Decisión saludable: No pensar más en términos de pesos argentinos.
Comentario del taximetrero que me lleva al hotel: "La inflación
cunde, después de casi 20 años de estabilidad de precios. Pero los
salarios no se han movido mayormente". Mal de muchos, consuelo de
argentinos. Dice que los negocios están vendiendo poco para las
Fiestas.
Confirmación: En tiendas populares como Macy's y Korvette, donde
otros años no se podía casi entrar en estas fechas, no tengo que
esperar para que me atiendan.
Alcalde Lindsay: Está luchando para que el trasporte urbano no suba
de 20 a 30 centavos. Había costado 10 centavos durante décadas; en
el 67 subió a 20.
Trampa: Los ómnibus, en efecto, cuestan 20 (70 argentinos, brrr),
pero el chofer no da cambio como antes y si no se lleva encima el
precio exacto hay que poner en la ranura lo que se tenga por encima
de 20. Y la moneda que más abunda es la de 25 centavos. La mayoría
de las veces termino pagando 25 (87 argentinos).

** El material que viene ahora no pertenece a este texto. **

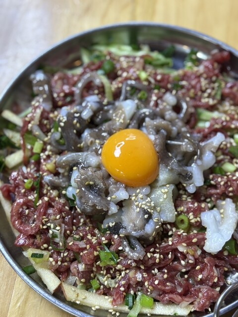 相変わらずの人気店で若い人を中心に賑わってました。前回ユッケが食べれなかったので事前にお願いして伺いました。ユッケは新鮮で本当に美味しい♪
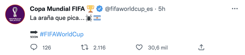 Durante su actuación ante Emiratos, la cuenta oficial de la Copa Mundial FIFA estuvo pendiente del desarrollo del cotejo y se rindió a los pies de la ‘Araña’. Tras su tanto en Abu Dhabi, destacó en Twitter al autor de siete anotaciones en la presente temporada con la camiseta del Manchester City.
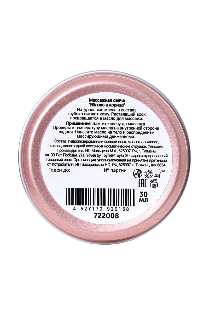 Массажная свеча 'Пряный массаж', 30мл, аромат яблока/корицы, для эротического массажа
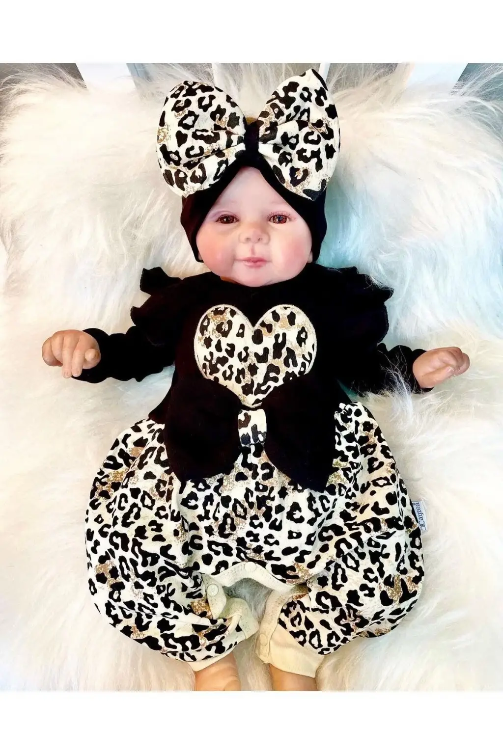 Leopar Desenli Fiyonklu % 100 Pamuk Kız Bebek Tulum
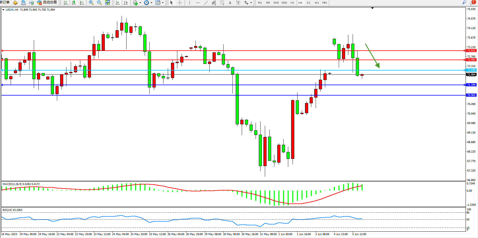 原油维持72.099附近震荡,国际油价一度大涨逾4%至5月初以来新高,全球最大出口国沙特阿拉伯承诺从7月起再减产100万桶/人,以抵消令市场低迷的宏观经济逆风。

Cines: Imposible aumentar más porque el público se retrae. Estrenos
a 3 dólares, en continuado. Pero las cintas muy largas -con
intervalo tipo Funny girl- se dan una sola vez por día, a las 20.30.
Localidad numerada, tipo teatro, 5 dólares aproximadamente.

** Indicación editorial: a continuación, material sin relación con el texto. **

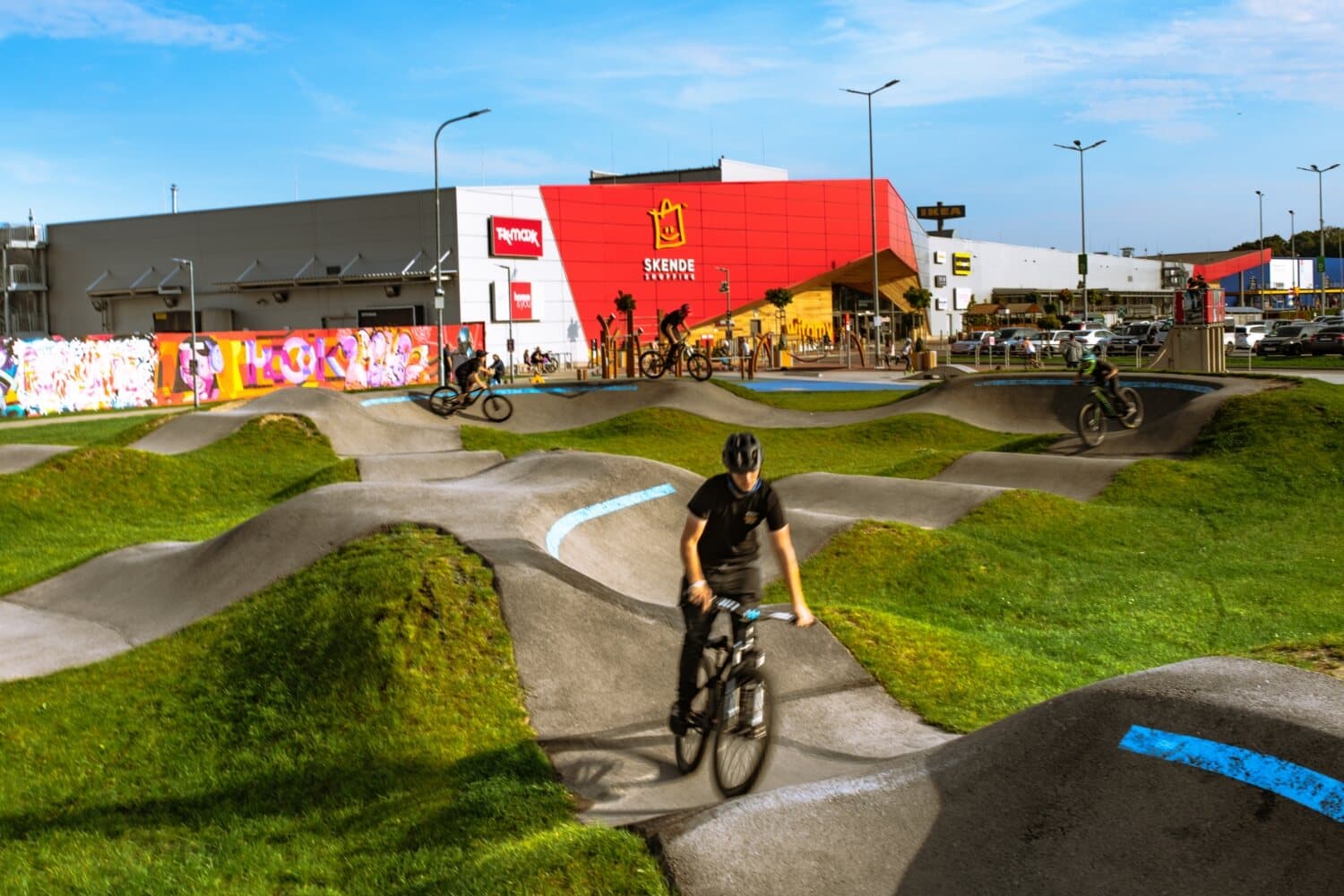 Jak na maxa wykorzystać ciepłe dni? Spędzając czas aktywnie! Na naszych terenach zielonych znajdziesz pumptrack, mini skate park oraz Strefę Psa. Dla najmłodszych mamy także bezpieczny plac zabaw. Możesz tu bawić się, trenować i spotkać z przyjaciółmi. Przyjdź i zobacz sam! Ze wszystkich atrakcji możesz korzystać bezpłatnie.

Teatro: Aumento bárbaro. Antes, las musicales se veían a 9 dólares y
las comedias a 5. Ahora, 15 y 10 respectivamente. 'Vietnam mon amour',
superproducción del Pentágono, le está costando caro al país.
Ropa: Lo más llamativo es el maxitapado de las mujeres: hasta el
suelo. Un 50 por ciento lo lleva. Quienes no lo han adoptado se
arrepentirán: la temperatura es de 10 grados bajo cero. Las calles
parecen llenas de extras en una película de época.

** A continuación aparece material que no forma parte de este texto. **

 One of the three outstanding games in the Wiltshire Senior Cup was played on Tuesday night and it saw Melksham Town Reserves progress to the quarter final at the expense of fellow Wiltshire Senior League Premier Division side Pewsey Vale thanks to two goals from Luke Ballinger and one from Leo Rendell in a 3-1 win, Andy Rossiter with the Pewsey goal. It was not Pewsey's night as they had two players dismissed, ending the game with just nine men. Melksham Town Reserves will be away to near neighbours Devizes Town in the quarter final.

Ropa masculina: No veo extravagancias mayores, supongo que el frío
intenso no se presta. Algunos maxi-sobretodos.
Pelo: Largo. Pero la novedad es la cabeza de negras y negros,
quienes no se avergüenzan más de su mota y se dejan crecer enormes
corolas corvinas. Gran acierto: siempre me había parecido que un
posible defecto de la raza negra era la cabeza desproporcionadamente
chica. La culpa la tenía el corte de pelo al rape.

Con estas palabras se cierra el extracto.